Megalithic tomb - portal tomb, Whitestown, Co. Waterford
Co. Waterford |
Megalithic Tombs
A large flat stone, roughly four metres across, sits low in a Waterford pasture with nothing obviously supporting it, at least not at first glance. Beneath it, the remains of a collapsed chamber are just visible, a few upright stones still holding their positions after several thousand years. The whole structure has gradually become incorporated into a field boundary, the northeast side of a NW-SE running bank absorbing what was once a freestanding megalithic portal tomb. Portal tombs, sometimes called dolmens, are among the oldest monument types in Ireland, Neolithic funerary structures typically consisting of two tall upright portal stones, a sill stone at the entrance, and a large capstone tilted dramatically overhead. This one is considerably more modest in its current state, though the scale of the roofstone, measuring 4 metres by 3.3 metres and up to a metre thick, gives some indication of the effort involved in its original construction.

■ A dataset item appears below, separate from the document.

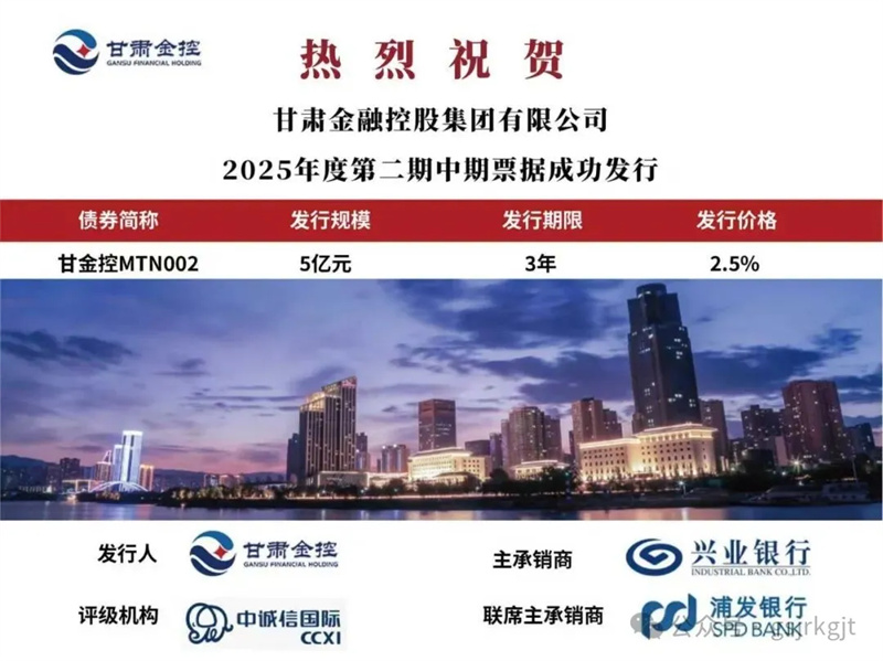 2025年10月17日,甘肅金控集團(tuán)成功發(fā)行2025年度第二期中期票據(jù)。發(fā)行規(guī)模5億元,期限3年,票面利率2.5%。票據(jù)發(fā)行過程中,吸引了多家商業(yè)銀行、信托公司等機(jī)構(gòu)投資者積極參與,充分體現(xiàn)了資本市場對(duì)甘肅金控集團(tuán)綜合實(shí)力、戰(zhàn)略布局和發(fā)展前景的認(rèn)可,本次中期票據(jù)發(fā)行成功為集團(tuán)的持續(xù)發(fā)展提供有力的資金保障。

The tomb sits towards the bottom of a southeast-facing valley slope, with a stream running roughly southwest to northeast about eighty metres to the southeast. It is built from Old Red Sandstone conglomerate, a coarse-grained rock characteristic of the Waterford landscape, formed from ancient compressed riverbed sediment. The chamber itself was probably originally oriented to face southwest, a common alignment in Irish portal tombs, though the collapse and subsequent absorption into the field bank have obscured much of that original arrangement. The site was noted by Power in 1911 and later catalogued by Ó Nualláin in 1983, by which point the condition appears to have been much as it is today, the roofstone settled, the chamber gone beneath it, the whole quietly folded into the working geometry of the surrounding farmland.